This term has become synonymous with the new NVZ rules, but isn’t as hazardous as many farmers fear, says Andersons’ consultant Oliver Lee.
“NMAX effectively means the maximum permitted amount of nitrogen from any source that a crop may receive. However, it doesn’t apply to all crops – for example, oats aren’t subject to this.”
For instance, our example farm, Meadow Farm, has five crop types, including grass. Based on average yields, the following NMAX values apply.
Winter Wheat (8.5t/ha yield) =220kg/N/ha
Winter Barley (6.5t/ha) =180kg/N/ha
Winter OSR (3.5t/ha) =250kg/N/ha
Winter beans =0kg/N/ha
“However, there are variations. For instance, there will be different limits given for milling wheats, or for grass depending on the number of silage cuts. You’ll also need to have record to show you comply with NMAX to meet inspections.”
Crop N requirement
“This is a separate calculation,” says Mr Lee. Everyone in an NVZ needs to work out the nitrogen requirement for each crop in each field. It’s possible that several fields with the same crop will be the same, but you do still need to make the calculation and show that you’ve done it. The results will show if you comply with NMAX (above).
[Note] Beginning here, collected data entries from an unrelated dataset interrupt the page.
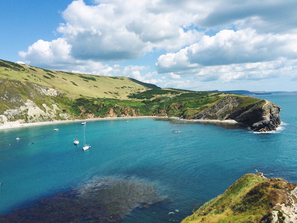 George and I visited Lulworth Cove on Saturday and we could not have asked for a more beautiful day. The cove was absolutely packed with people, but as we started hiking up the cliffs it quickly became less busy.
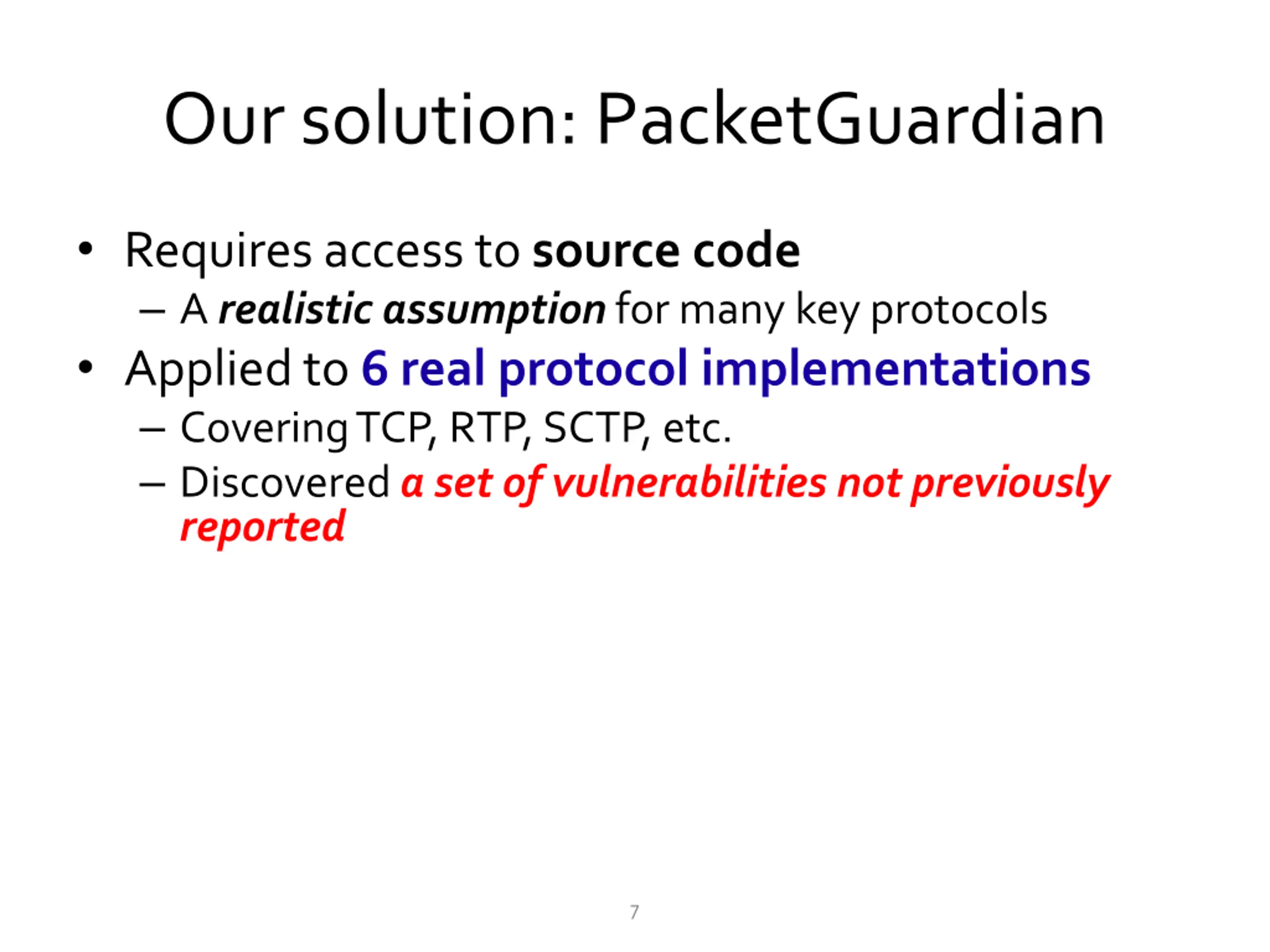 Our solution: PacketGuardian Requires access to source code A realistic assumption for many key protocols Applied to 6 real protocol implementations Covering TCP, RTP, SCTP, etc. Discovered a set of vulnerabilities not previously reported 7
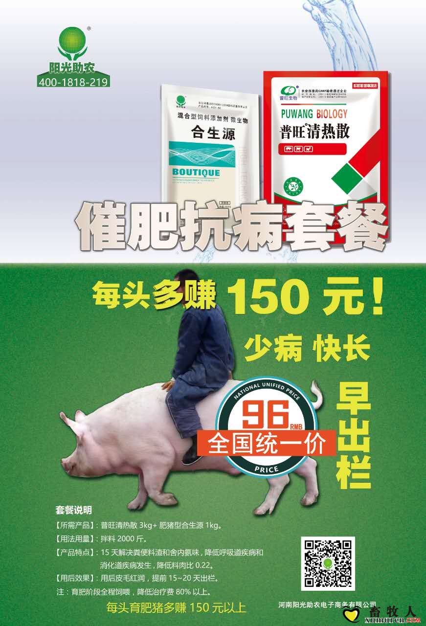 正文摘要:肥豬催肥抗病套餐,“肥豬合生源1kg+普旺清熱散3kg”統(tǒng)一價(jià)96元,拌料2000斤。 飼喂7天后采食量明顯增加,吃的比以前多了,15天后解決便料渣和舍內(nèi)氨味,呼吸道和消化道疾病的發(fā)病率,降低料肉比0.22。育肥段全程飼 ... |
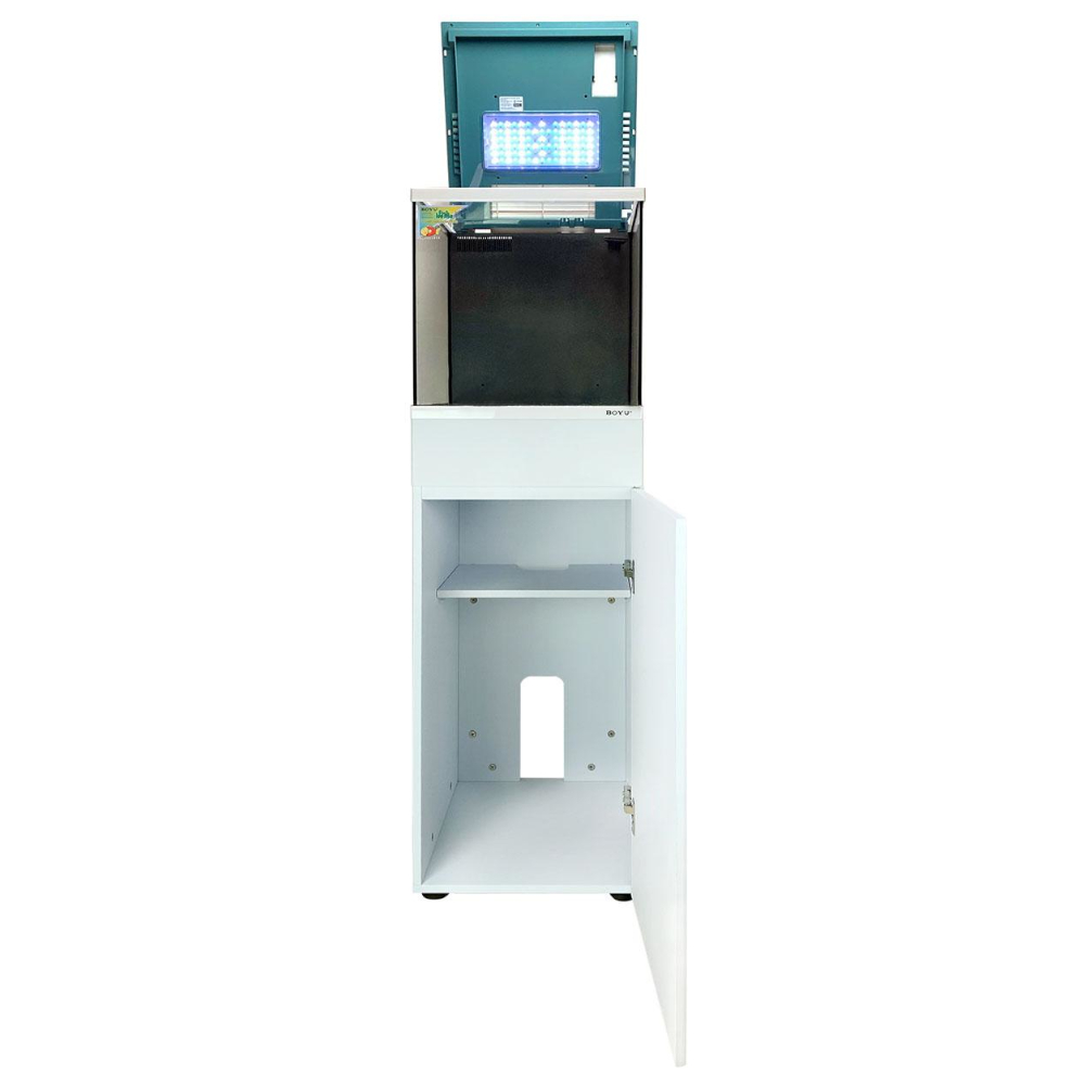 Тумба белая аквариума Boyu Intelligent MEZ-56. Прочная ровная столешница.Тумба оснащена шкафчиком, в котором удобно хранить корм, предметы для ухода за аквариумом и оборудование. Благородный стиль, подойдет под любой интерьер.
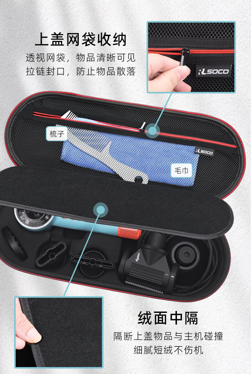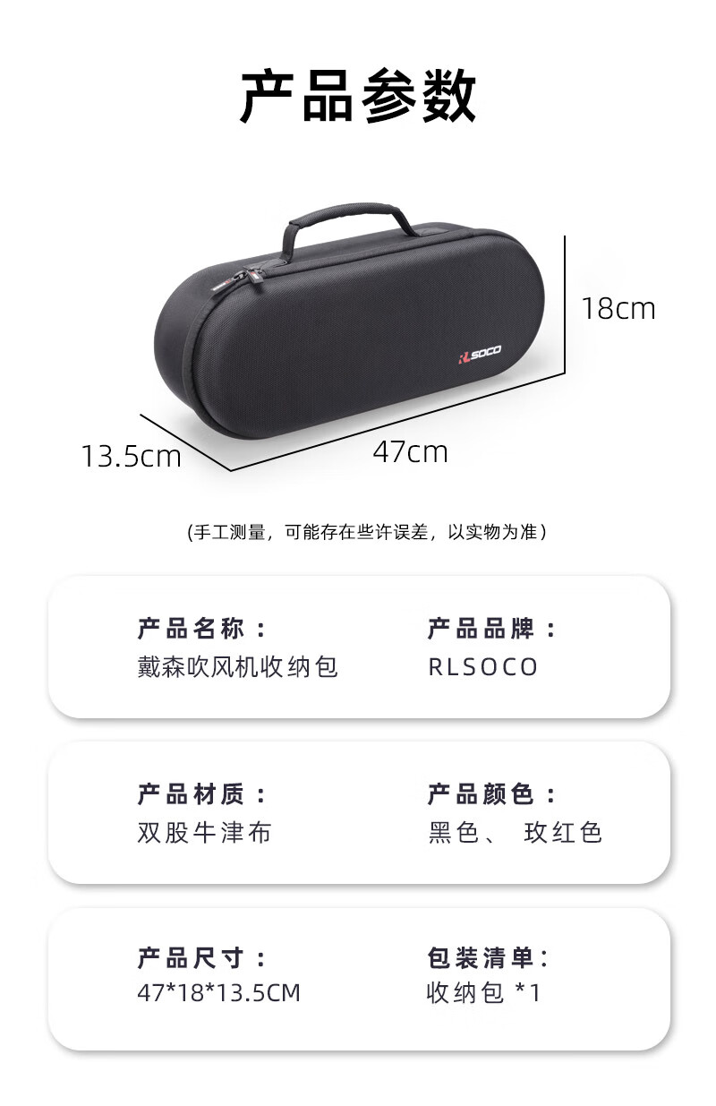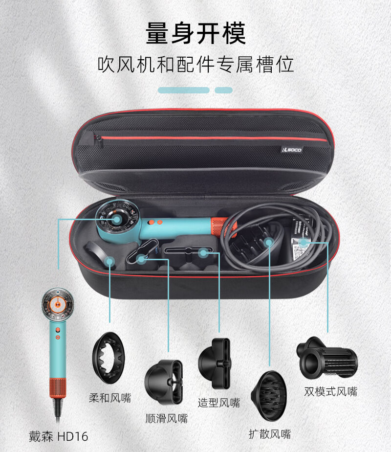 RLSOCO is suitable for Dyson HD16 storage bag smart hair dryer Supersonic protective box DYSON hair dryer hard bag HD16 set storage bag (bag only) black

Essentially there are four steps. Having identified the field, its crop, and any references like field numbers, the first step is to assess the available nitrogen already in the soil. This is called the Soil Nitrogen Supply (SNS). “This can be done in two ways, either by having the soil tested, or by using RB209, which assesses it based on rainfall, cropping history and soil type.”
You can buy a hard copy of the RB209 fertiliser handbook here
The next step is to determine the requirement for the specific crop you have planted. RB209 can provide the answer, or an agronomist or FACTS-qualified adviser.
Step three is to assess the manure applications, and their frequency, given to the crop, and, of those, the crop-available N in that manure. “You can either use the default values given in the DEFRA booklets or have manure samples analysed.” says Mr Lee.
The final step is to establish the total crop requirement, less any nitrogen from manures. This give you a balance, which is the quantity to be applied in the form of manufactured fertiliser.